Early in his career he was a soloist with the National Symphony Orchestra under the direction of Antonia Brica, the first American female conductor. He was a close friend of Guiomar Novaes, the famous Brazilian pianist who also studied under Stojowski. From the decade of the late 1920s to late 1930s he lived and performed in New York City and Pittsburgh. He performed at Carnegie Hall in 1946.

About 1940 Frauenheim moved to Washington, D.C., where he continued to perform until 1960. Washington newspapers reviewed his performances at the Phillips Collection Gallery, the Sulgrave Club, Dumbarton Oaks, the Friends House in Georgetown and other halls. He gave a series of classical music lecture-recitals in Washington, D.C., on radio station WMAL of NBC. He repeated the series in many places.

Frauenheim taught privately in New York City and Pittsburgh and was a music professor (1926–1930) at the Carnegie Institute of Technology (now Carnegie Mellon University).
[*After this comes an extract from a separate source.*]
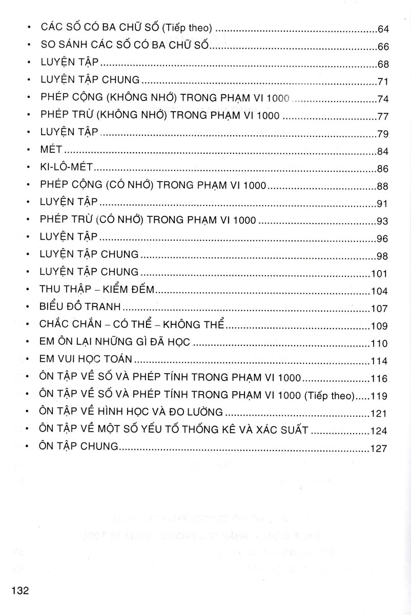 Bên cạnh các bài giảng được biên soạn chi tiết theo nội dung từng bài học, sách còn bao gồm nhiều hướng dẫn mà các em có thể tham khảo và ứng dụng để giải các bài tập toán lớp 2 một cách chuẩn xác. Đồng thời các dạng bài tập nâng cao sẽ giúp các em có thêm sự rèn luyện để nâng cao kỹ năng giải toán và trở thành học sinh giỏi môn Toán.

He was a well known piano teacher in the Washington metropolitan area for four decades and continued to teach until the year before his death when he relocated to the Pittsburgh area. In 1955 he married Enid Mitchell, reported to friends and relatives to be an English countess. They had no children. Unfortunately she died early in the marriage. He died at age 92 in Pittsburgh and was buried in the Roman Catholic Calvary Cemetery.

In 2005 several of his students began the process of forming a Norman Frauenheim Students’ Society. A major activity has been a compilation of Paderewski’s techniques and personal editing as taught by Frauenheim. The recounting of his experiences with famous musicians, important persons and fascinating places and events has been valued by the students, and Frauenheim's friends and family. His collection of photographs, many with personal inscriptions, and other memorabilia completed these important histories.

Frauenheim is included in the Ampico Player Piano Roll Catalog. He recorded Schubert’s Impromptu Op. 142, #2 in Ab in August 1930, catalogue #7070(3).

==Death and interment==
Frauenheim died in Pittsburgh on November 18, 1989, and was buried at that city's Cavalry Cemetery.